-- WHAT IS BEING ASKED --
Every record must be given again word for word; no picture belongs in the copy.

-- LISTED ENTRIES --
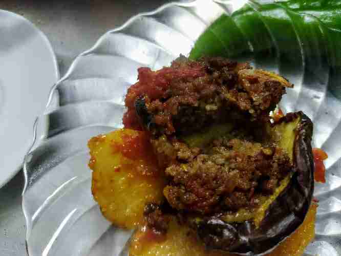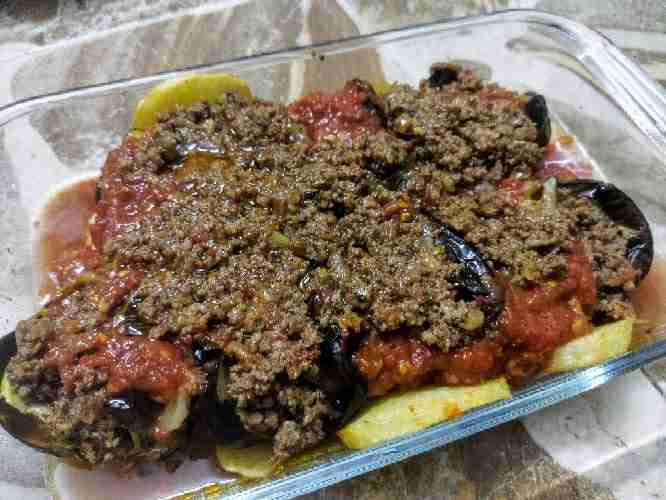 وبنبلش محشي حبات الباذنجان بصينية مدهونة بالزيت بنصف البطاطا وبعدين بنصف حبات الباذنجان وحطيت عالوجه بصل وفليفلة مقلية وبعدين نزلت البندورة المطبوخة ونزلت نص كأس مع ملعقة معجون الطماطم ويلي زادت من اللحمة زينت بيها الوجه ودخلتها فرن لمدة نص ساعة وهيك صارت جاهزة
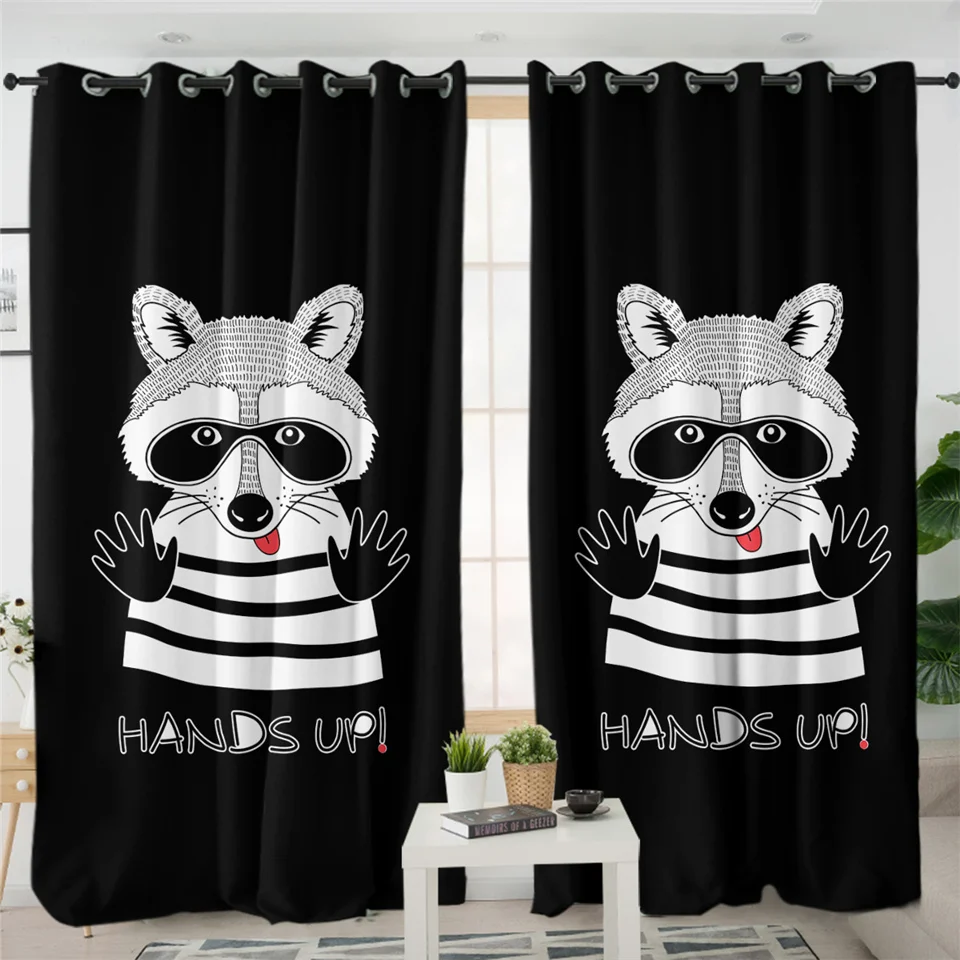 Item Name:CurtainPacking List:1*CurtainFabric:PolyesterSize:W100xH130cm,W100xH200cm,W100xH270cm,W150xH270cm,W200xH250cmPackage:1 Pc/PVC BagFeature:Doodle portrait of raccoon in black thief mask, cute design for kids.BeddingOutlet Reminder:1) The price is for ONE piece.2) Accpet customization, for any other sizes, please feel free to contact our customer service.3) Due to the light and screen difference, the item's color may be slightly different from the pictures.4) Size maybe 1-5 cm error due to hand measure.
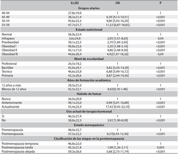 Mayor rango de edad fue factor asociado no ajustado a puntuación por encima de la media de EC, siendo significativo en todos los grupos etarios, OR: 11,3 [IC95%:6,8-18,6] para 55-59 años. Igual comportamiento tuvo infrapeso, sobrepeso, obesidad en diferentes categorías, menos de 12 años de educación, fumar anteriormente y en la actualidad, ausencia de uso de terapia hormonal y posmenopausia (p<0,001). La postmenopausia tardía y alejada, fueron factores asociados espectivamente a dos y cinco veces puntuación por encima de la media, que postmenopausia temprana. Tabla 5.
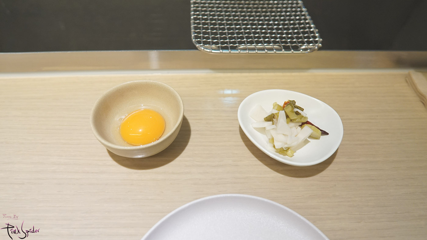 먼저 날계란과 채소절임이 나왔다.
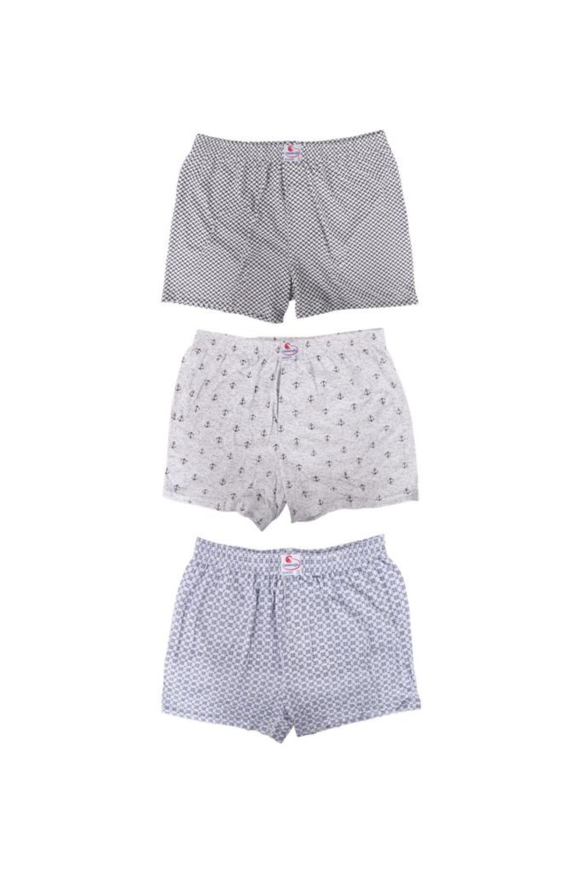 CENNETOĞLU Men's 3-Piece Mixed Patterned Buttoned Comfortable Boxer Shorts

-- SOLUTION TO THE EXERCISE --
 وبنبلش محشي حبات الباذنجان بصينية مدهونة بالزيت بنصف البطاطا وبعدين بنصف حبات الباذنجان وحطيت عالوجه بصل وفليفلة مقلية وبعدين نزلت البندورة المطبوخة ونزلت نص كأس مع ملعقة معجون الطماطم ويلي زادت من اللحمة زينت بيها الوجه ودخلتها فرن لمدة نص ساعة وهيك صارت جاهزة
 Item Name:CurtainPacking List:1*CurtainFabric:PolyesterSize:W100xH130cm,W100xH200cm,W100xH270cm,W150xH270cm,W200xH250cmPackage:1 Pc/PVC BagFeature:Doodle portrait of raccoon in black thief mask, cute design for kids.BeddingOutlet Reminder:1) The price is for ONE piece.2) Accpet customization, for any other sizes, please feel free to contact our customer service.3) Due to the light and screen difference, the item's color may be slightly different from the pictures.4) Size maybe 1-5 cm error due to hand measure.
 Mayor rango de edad fue factor asociado no ajustado a puntuación por encima de la media de EC, siendo significativo en todos los grupos etarios, OR: 11,3 [IC95%:6,8-18,6] para 55-59 años. Igual comportamiento tuvo infrapeso, sobrepeso, obesidad en diferentes categorías, menos de 12 años de educación, fumar anteriormente y en la actualidad, ausencia de uso de terapia hormonal y posmenopausia (p<0,001). La postmenopausia tardía y alejada, fueron factores asociados espectivamente a dos y cinco veces puntuación por encima de la media, que postmenopausia temprana. Tabla 5.
 먼저 날계란과 채소절임이 나왔다.
 CENNETOĞLU Men's 3-Piece Mixed Patterned Buttoned Comfortable Boxer Shorts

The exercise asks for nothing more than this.